MCP creates a new operational identity layer that most IAM programmes are not yet measuring. The immediate signal is not just connector proliferation, but unowned trust paths that sit between the model and the systems it can reach. Teams should expect their review processes to miss these paths unless MCP inventory is tied directly to workload monitoring and access certification.

Ephemeral AI access will keep outpacing static control cycles. Once a model can discover tools at runtime, the decision window is shorter than traditional access review cadences. That makes runtime telemetry, connector scoping, and hardening of the underlying container or service environment more valuable than periodic attestation alone.

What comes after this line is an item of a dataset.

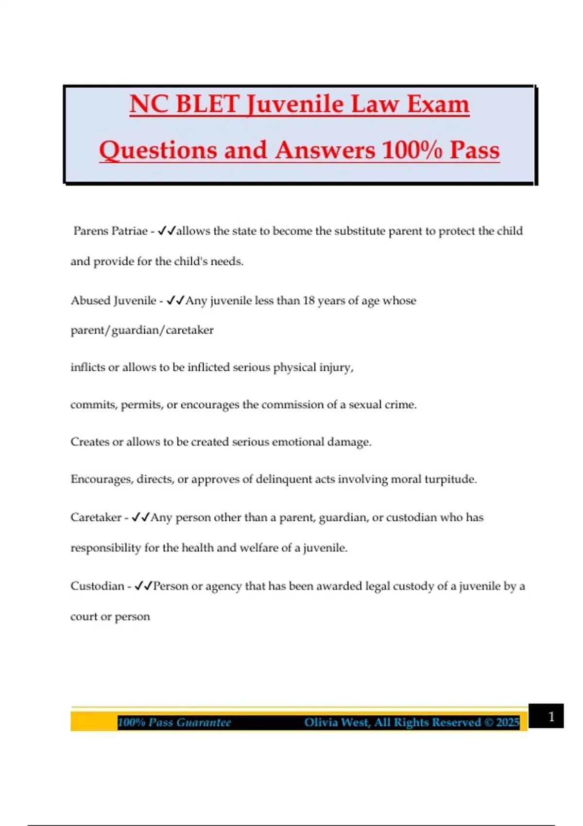 NC BLET Juvenile Law Exam Questions and Answers 100% Pass Parens Patriae - allows the state to become the substitute parent to protect the child and provide for the child's needs. Abused Juvenile - Any juvenile less than 18 years of age whose parent/guardian/caretaker inflicts or allows to be inflicted serious physical injury, commits, permits, or encourages the commission of a sexual crime. Creates or allows to be created serious emotional damage. Encourages, directs, or approves of delinquent acts involving moral turpitude. Caretaker - Any person other than a parent, guardian, or custodian who has responsibility for the health and welfare of a juvenile. Custodian - Person or agency that has been awarded legal custody of a juvenile by a court or person 2100% Pass Guarantee Olivia West, All Rights Reserved © 2025 Dependent juvenile - a juvenile in need of assistance or placement because the juvenile has no parent, guardian, or custodian Neglected Juvenile - A juvenile who does not receive proper care, supervision, or discipline from a parent, guardian, custodian, or caretaker; or who has been abandoned, or has not been provided necessary medical care. Three Quanta of Proof - 1. Preponderance of evidence. 2. Clear and convincing evidence. 3. Beyond a reasonable doubt. Allegations in a petition alleging abuse, neglect, or dependency shall be proved by - clear and convincing evidence. Juvenile court jurisdiction - Original jurisdiction over alleged abuse, neglect, or dependency cases. Termination parental rights, emancipation of a juvenile. Review placement in foster care. Consent for an abortion for an unemancipated minor. Emancipated Minor - Age 16-17 where you declare yourself independent of a guardian and are considered an adult, and can reasonably prove you are independent. Notify DSS immediately for - Emergency or non-emergency investigations of child abuse. 3100% Pass Guarantee Olivia West, All Rights Reserved © 2025 DSS - Department of Social Services Every person has a legal duty to - report facts which lead the person to suspect that a juvenile is abused, neglected, or dependent, or has died as a result of maltreatment. Steps in Answering Complaints - 1. Initial approach should be professional. 2. Explain to complainant the health and safety of the child is being considered. 3. Show concern/sympathy. 4. If refusal to enter home by parent/guardian, then probable cause is needed to enter it (i.e. exigent circumstances or a warrant.) 5. Interfering with an investigation is a crime. DSS must notify the SBI of a report of child sexual abuse at a daycare facility or home within - 24 hours or the next work day DSS must give written notice to a person making the report regarding whether the report of abuse allegations was true or not, and what act

Secret exposure around MCP should be treated as an identity operations problem, not a configuration footnote. When configuration files leak credentials, the boundary between AI enablement and unauthorized access collapses quickly. Practitioners should pair MCP governance with secret discovery, rotation, and workload isolation, and use the Ultimate Guide to NHIs , Why NHI Security Matters Now as a baseline for non-human identity risk planning.


For practitioners

  • Inventory every MCP endpoint and connector Map each local, remote, and fully remote MCP deployment to an owner, data class, and trust level so shadow AI and undocumented connectors are not left outside governance.
  • Require scoped authorization before production use Verify that every MCP server has enforced OAuth 2.1 or equivalent access scoping, with least-privilege token design and explicit server-side policy enforcement.
  • Correlate prompt activity with workload actions Log prompts, tool calls, and downstream file or network activity together so investigators can reconstruct how an AI action unfolded across the stack.
  • Harden the underlying container or runtime layer Apply network, file, and process restrictions at the workload layer so a compromised or overreaching MCP integration cannot freely expand its blast radius.

Key takeaways

  • MCP is turning AI integration into an identity and access problem because tool calls can now reach business systems directly.
  • The biggest practical risk is not the protocol name but the combination of weak authorization, poor visibility, and over-permissive connectors.
  • Teams should govern MCP like a privileged access path, with scoped tokens, runtime telemetry, and workload-level containment.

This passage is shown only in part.